I'm getting a container overflow failure that I think is a false
positive; but I don't understand what's going on, so I'm posting here
instead of filing an issue. Here's the most stripped-down example that I
could come up with:

#include <vector>
#include <boost/range/any_range.hpp>

template <typename T>
using AnyRange =
    boost::any_range<T,
                     boost::random_access_traversal_tag,
                     T,
                     std::ptrdiff_t>;

int main(int argc, const char * argv[])
{
    std::vector<int> v{1, 2, 3};
    v.erase(v.begin() + 1);
    int i = 42;
    AnyRange<int> range{&i, &i + 1};
    v.insert(v.begin() + 1, boost::begin(range), boost::end(range));
    assert(v[0] == 1);
    assert(v[1] == 42);
    assert(v[2] == 3);
    return 0;
}

This triggers the container overflow error inside the insert call, when
it tries to copy-construct the int at v.end(), which is inside the
allocated memory of the vector.

Replacing the insert line with

    v.insert(v.begin() + 1, &i, &i + 1);

makes it work.  Also, changing the Reference argument of the any_range
(third template argument) to "T&" or "const T&" also makes it work.
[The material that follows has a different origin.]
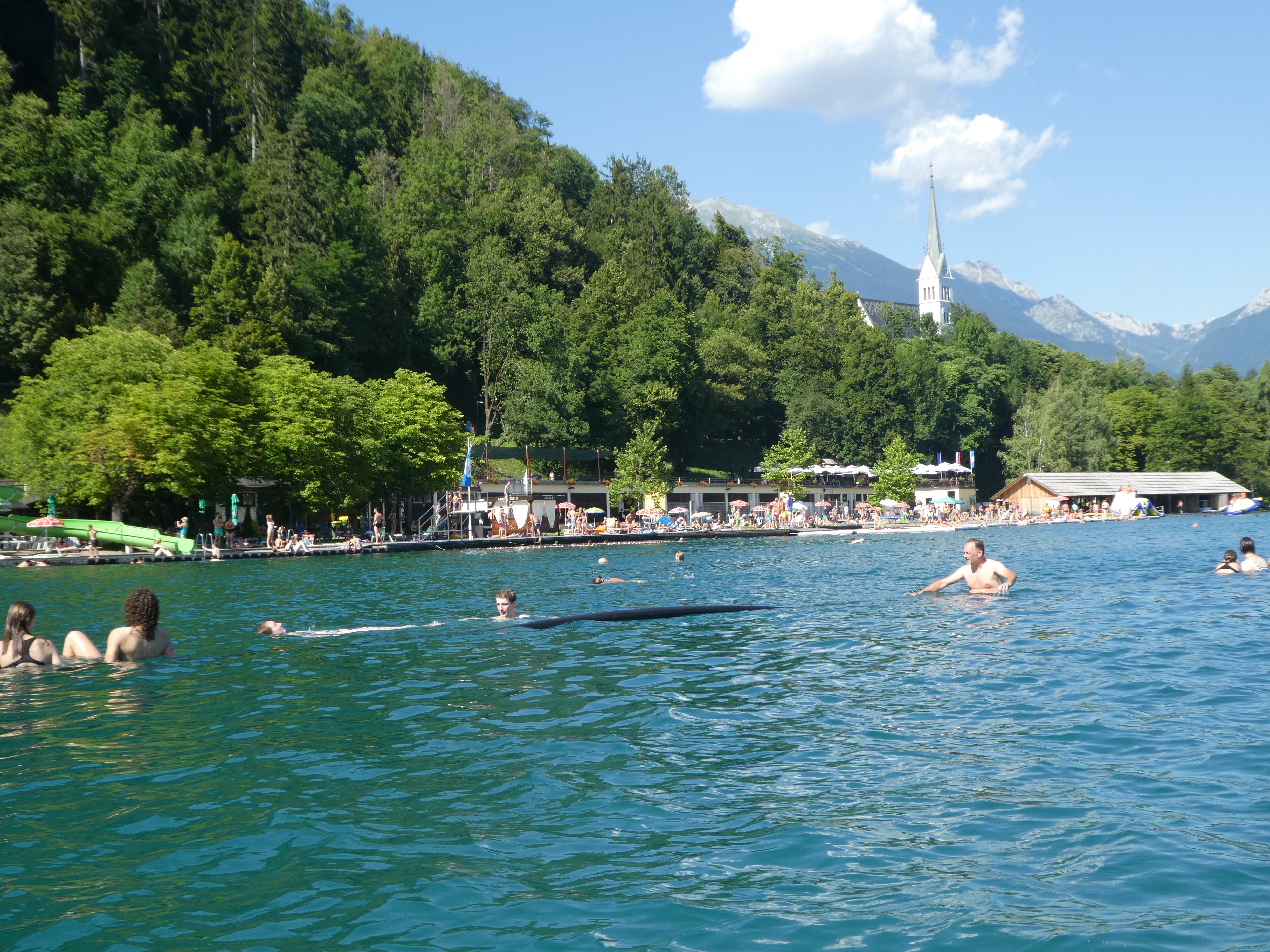 After our swim and returning the boat we lazed on the grass beside the lake and read and people watched. There are lots of people around but it doesn’t feel crowded. Some nice family groups with small children. We watched the little boats coming and going from the church island. It’s actually a little reminiscent of last year’s stay in Perast Montenegro where there was a similar church island in the bay.

And
of course, running the test without AddressSanitizer succeeds, so it
doesn't look like it's actually overwriting memory.

I tested this with boost 1.55 and 1.56. I'm on Mac OS X 10.10, with
clang++ version "Apple LLVM version 7.0.0 (clang-700.0.53)", x86_64.
AddressSanitizer is the one that comes bundled with the Xcode 7 beta
(not sure how to find out which version or revision that is).

Any idea what's going on?

Thanks, Stefan.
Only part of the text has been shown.